1. Create a Rust Crate

cargo new my-parser --lib
cd my-parser

Edit Cargo.toml:

[package]
name = "my-parser"
version = "0.1.0"
edition = "2021"

[lib]
crate-type = ["cdylib"]

[dependencies]
aeordb-plugin-sdk = { path = "../aeordb-plugin-sdk" }
serde_json = "1"

The crate-type = ["cdylib"] is required – it tells the compiler to produce a dynamic library suitable for WASM.

2. Implement the Parse Function

Use the aeordb_parser! macro to generate the WASM export boilerplate.

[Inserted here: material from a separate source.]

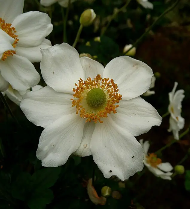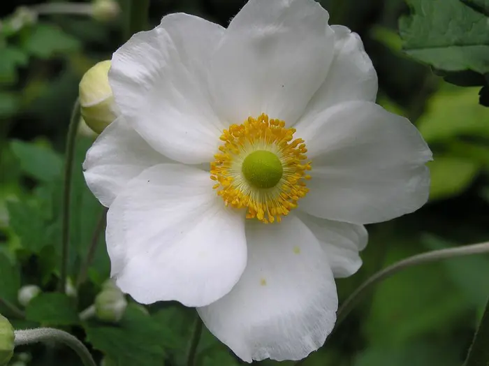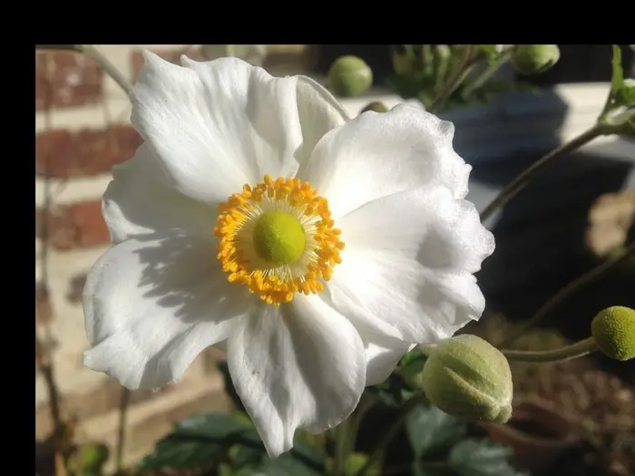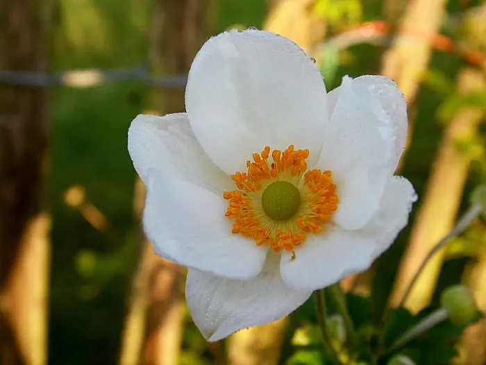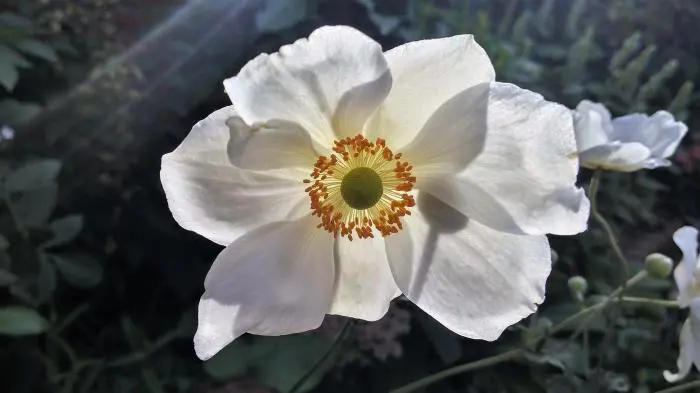 Anemone 'Honorine Jobert' bloeit op hoge stelen met helderwitte enkelvoudige bloemen, iets roziger aan de achterkant en met lange gele meeldraden.

Your job is to write a function that takes a ParserInput and returns Result<serde_json::Value, String>.

#![allow(unused)]
fn main() {
use aeordb_plugin_sdk::aeordb_parser;
use aeordb_plugin_sdk::parser::*;

aeordb_parser!(parse);

fn parse(input: ParserInput) -> Result<serde_json::Value, String> {
    let text = std::str::from_utf8(&input.data)
        .map_err(|e| e.to_string())?;
    Ok(serde_json::json!({
        "text": text,
        "metadata": {
            "line_count": text.lines().count(),
            "word_count": text.split_whitespace().count(),
        }
    }))
}
}

The aeordb_parser! macro generates:

  • A global allocator for the WASM target
  • A handle(ptr, len) -> i64 export that deserializes the parser envelope, calls your function, and returns the serialized response as a packed pointer+length

You never interact with the raw WASM ABI directly.

3. Build for WASM

cargo build --target wasm32-unknown-unknown --release

The compiled module lands at:

target/wasm32-unknown-unknown/release/my_parser.wasm

4. Deploy the Parser

Upload the WASM binary to a table’s plugin deployment endpoint:

curl -X PUT \
  http://localhost:6830/mydb/myschema/mytable/_deploy \
  -H "Authorization: Bearer $API_KEY" \
  -H "Content-Type: application/wasm" \
  --data-binary @target/wasm32-unknown-unknown/release/my_parser.wasm

5. Configure Content-Type Routing

Create or update /.config/parsers.json to route specific content types to your parser:

{
  "parsers": {
    "text/plain": "my-parser",
    "text/csv": "csv-parser",
    "application/pdf": "pdf-parser"
  }
}

When a file with a matching Content-Type is stored, AeorDB automatically invokes the corresponding parser.

6. Configure Indexing

Add the parser name to indexes.json so the parsed output is indexed:

{
  "indexes": [
    {
      "field": "text",
      "type": "fulltext"
    },
    {
      "field": "metadata.word_count",
      "type": "numeric"
    }
  ]
}

The ParserInput Struct

Your parse function receives a ParserInput with two fields:

FieldTypeDescription
dataVec<u8>Raw file bytes (already base64-decoded from the wire envelope)
metaFileMetaMetadata about the file being parsed

FileMeta Fields

FieldTypeDescription
filenameStringFile name only (e.g., "report.pdf")
pathStringFull storage path (e.g., "/docs/reports/report.pdf")
content_typeStringMIME type (e.g., "text/plain")
sizeu64Raw file size in bytes
hashStringHex-encoded content hash (may be empty)
hash_algorithmStringHash algorithm used (e.g., "blake3_256")
created_ati64Creation timestamp (ms since epoch, default 0)
updated_ati64Last update timestamp (ms since epoch, default 0)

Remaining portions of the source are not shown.